**DESCRIPTION OF THE TASK**
Your copy runs from the line containing "بالصور – مظاهرات" through the last line of the listing, both included. Restate those lines word for word and leave out pictures.

**DATA EXCERPT**
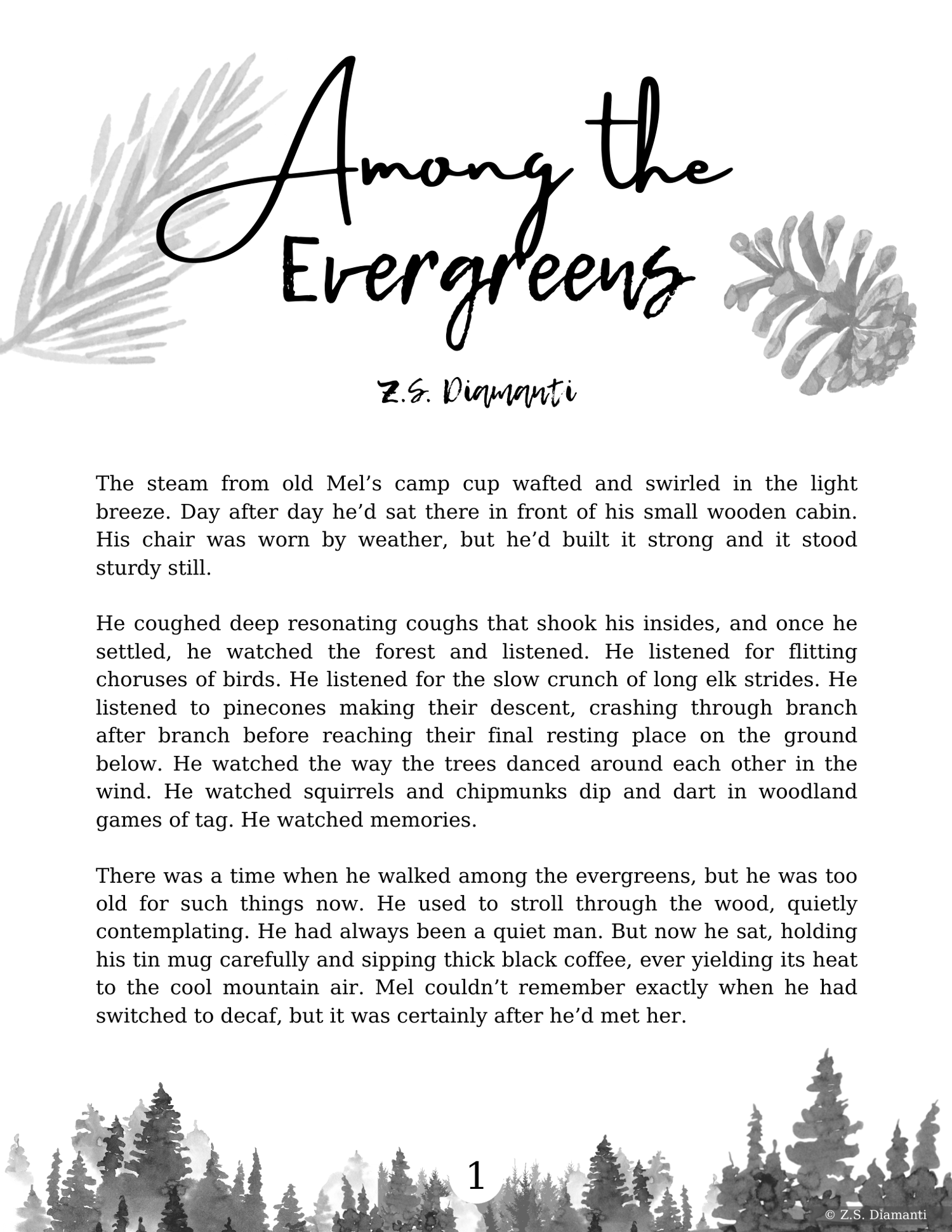 "They walked among the evergreens, breathing and feeling the presence of the giants around them. These giants were strong, and even after hundreds of years they stood sturdy still."
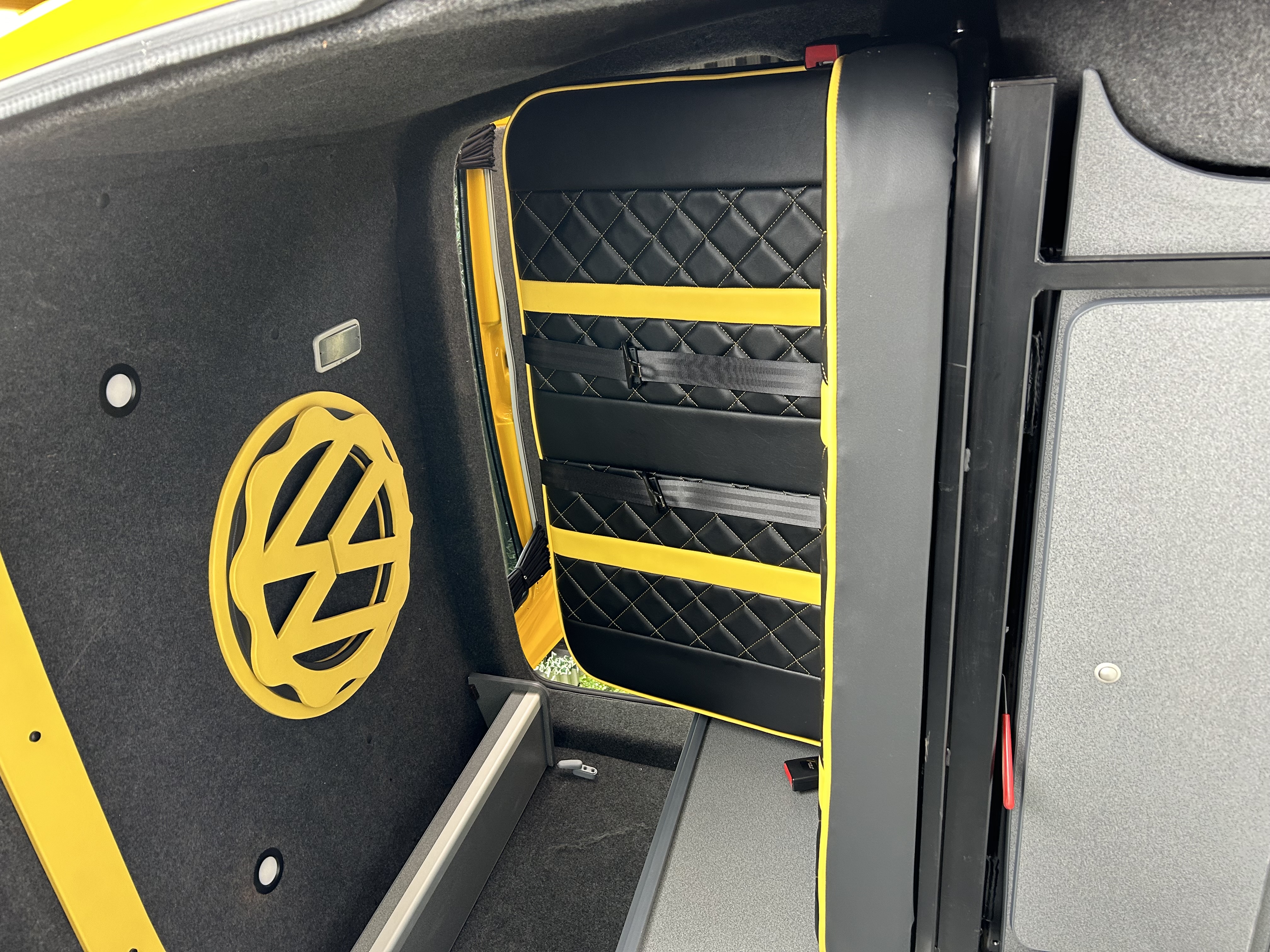 This T5 campervan balances striking design with everyday usability. The black and yellow interior, smart layout, and ambient lighting create a space that is both visually impactful and comfortable for touring.
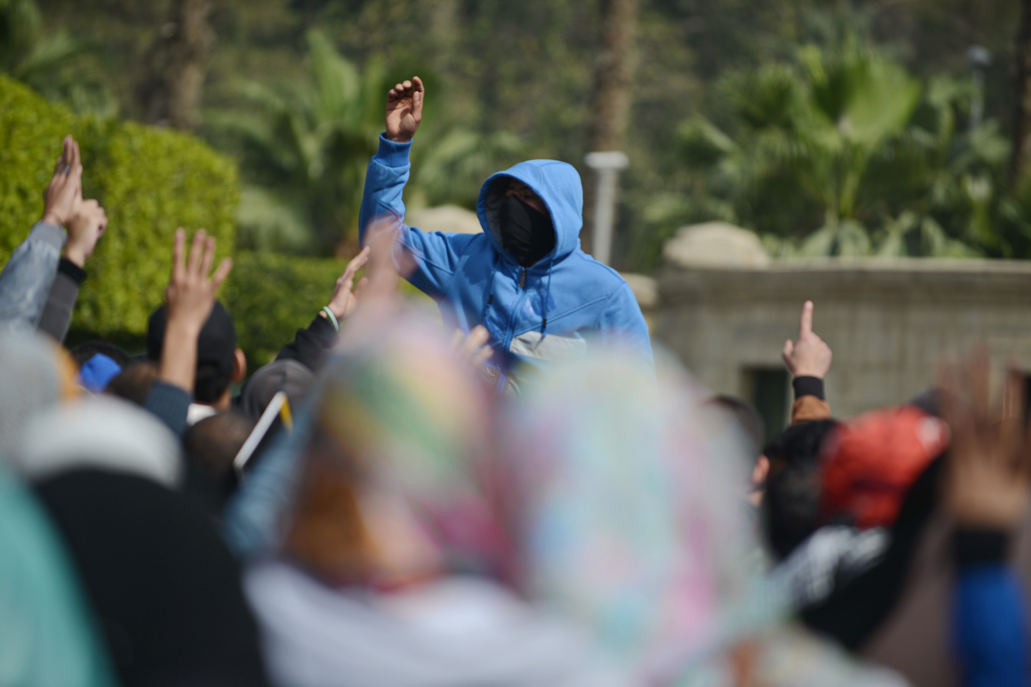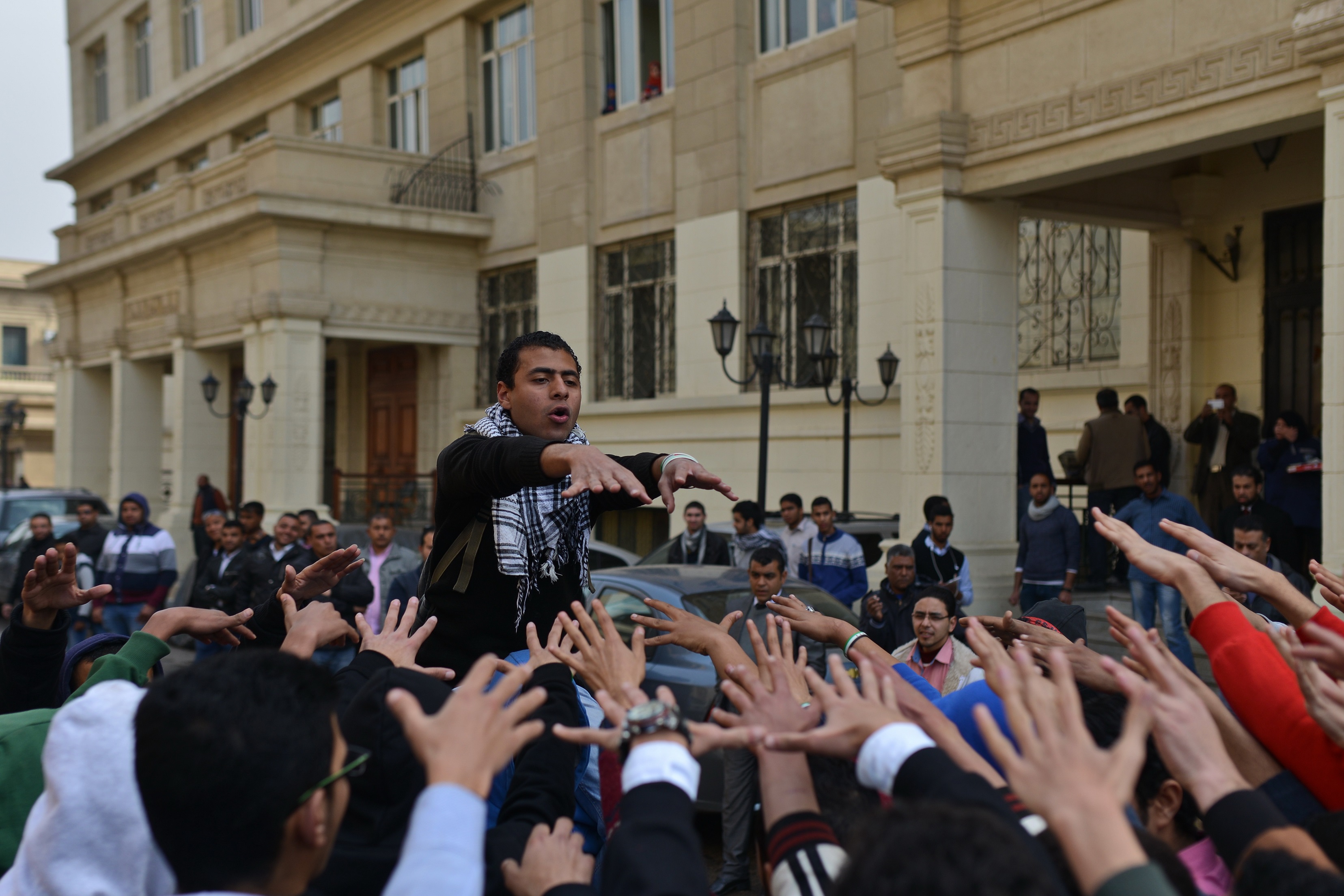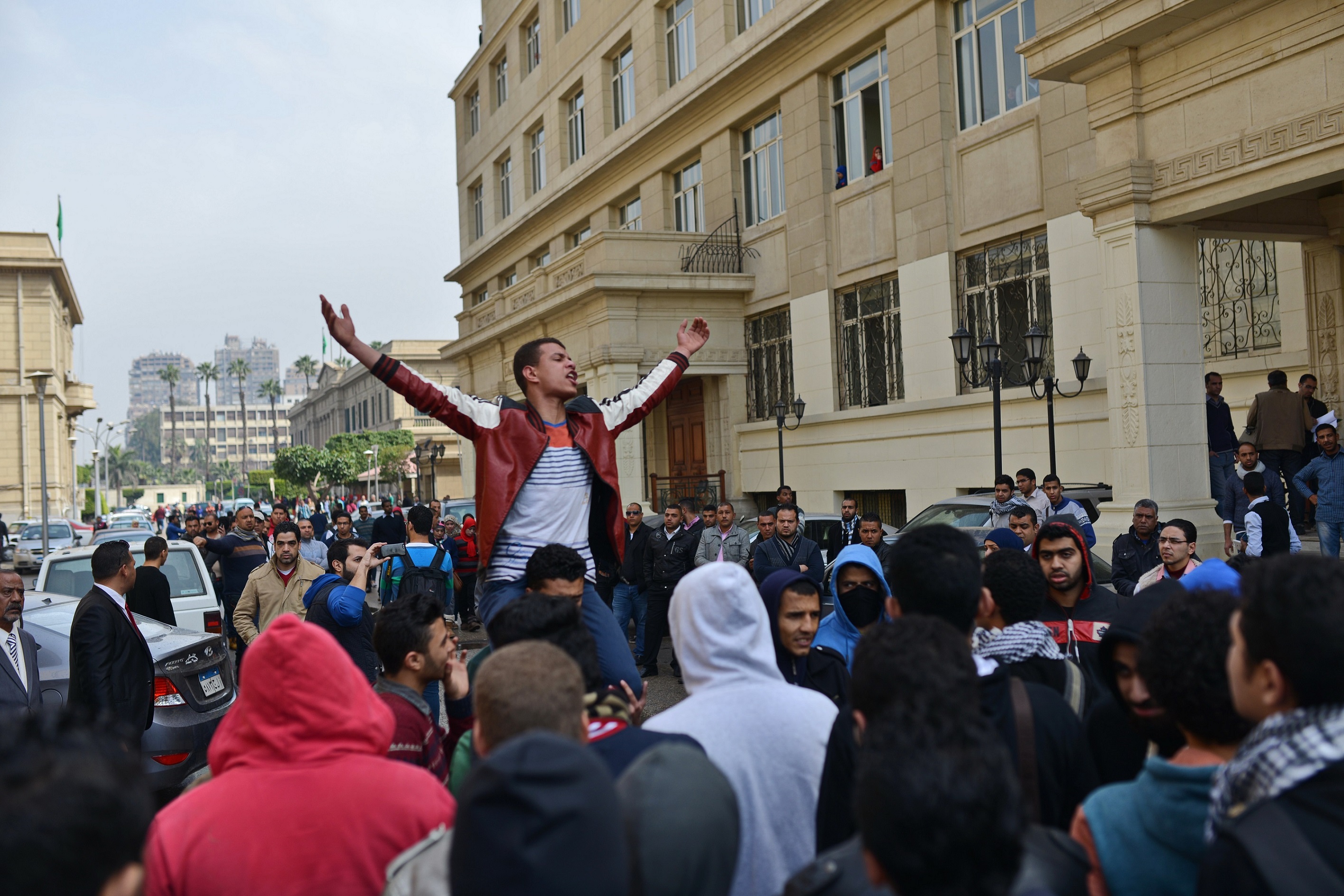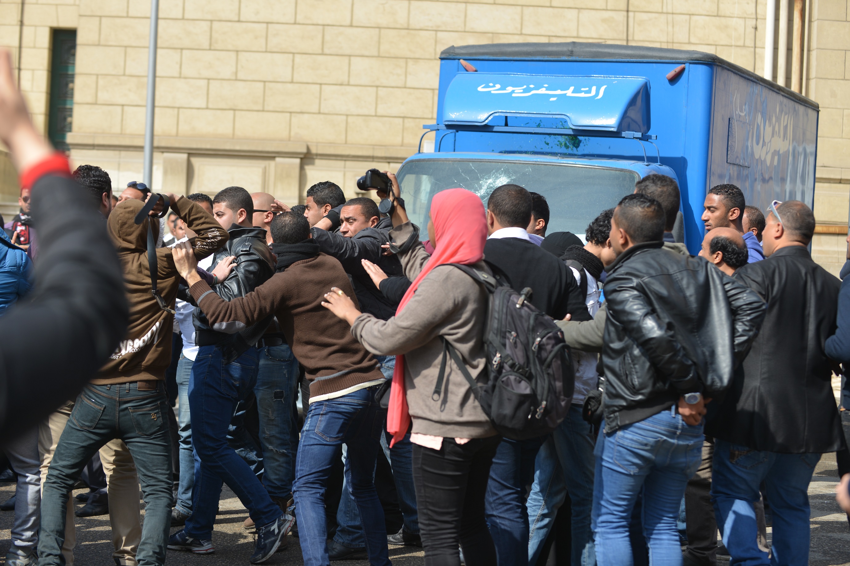 بالصور – مظاهرات الطلاب بجامعة القاهرة وتكسير عربة التليفزيون المصرى
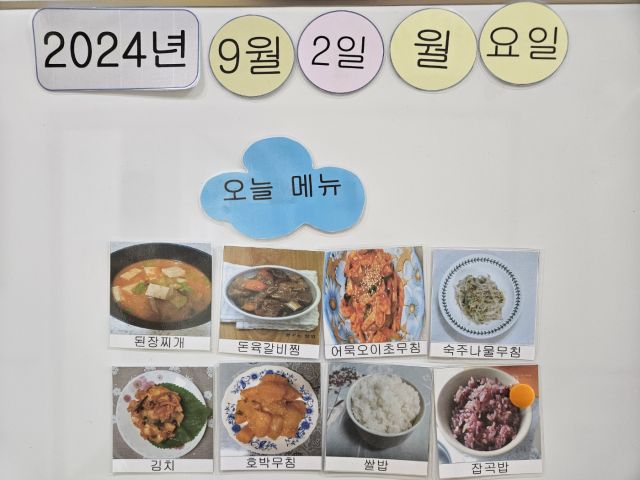 된장찌개, 갈비찜, 어묵초무침, 숙주나물, 김치, 호박나물

**TASK SOLUTION**
 بالصور – مظاهرات الطلاب بجامعة القاهرة وتكسير عربة التليفزيون المصرى
 된장찌개, 갈비찜, 어묵초무침, 숙주나물, 김치, 호박나물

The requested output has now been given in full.